In the entries below, find the line with "昼飯はまた富山駅の駅ビルで富山名産弁当。こないだ入った店よりはだいぶマシ。" and the line with "[OSEN=박준형 기자] 18일". Repeat exactly everything between them, those two lines included, but not the pictures.
MATERIAL SHOWN Block Start
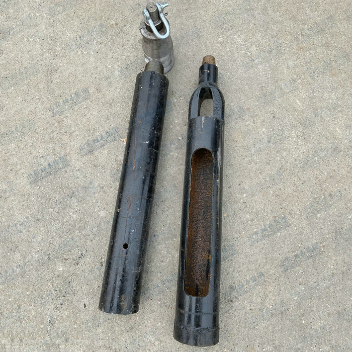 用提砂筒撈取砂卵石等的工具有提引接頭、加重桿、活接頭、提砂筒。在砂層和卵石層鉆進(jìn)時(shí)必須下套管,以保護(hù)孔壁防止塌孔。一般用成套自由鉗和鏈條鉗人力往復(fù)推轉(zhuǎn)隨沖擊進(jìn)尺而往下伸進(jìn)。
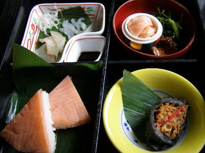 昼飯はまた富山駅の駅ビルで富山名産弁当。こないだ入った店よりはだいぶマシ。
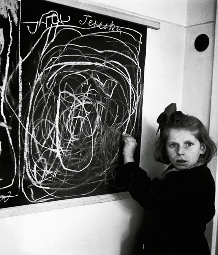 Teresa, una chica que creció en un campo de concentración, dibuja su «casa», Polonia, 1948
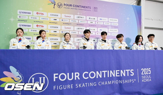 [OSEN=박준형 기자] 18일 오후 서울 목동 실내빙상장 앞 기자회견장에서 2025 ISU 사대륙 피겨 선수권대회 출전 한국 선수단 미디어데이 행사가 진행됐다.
MATERIAL SHOWN Block End
MATERIAL SHOWN Block Start
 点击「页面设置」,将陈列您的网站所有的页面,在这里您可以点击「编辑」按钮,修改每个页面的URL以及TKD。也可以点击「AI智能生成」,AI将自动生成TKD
MATERIAL SHOWN Block End
• [COMPLETED TASK]:
 昼飯はまた富山駅の駅ビルで富山名産弁当。こないだ入った店よりはだいぶマシ。
 Teresa, una chica que creció en un campo de concentración, dibuja su «casa», Polonia, 1948
 [OSEN=박준형 기자] 18일 오후 서울 목동 실내빙상장 앞 기자회견장에서 2025 ISU 사대륙 피겨 선수권대회 출전 한국 선수단 미디어데이 행사가 진행됐다.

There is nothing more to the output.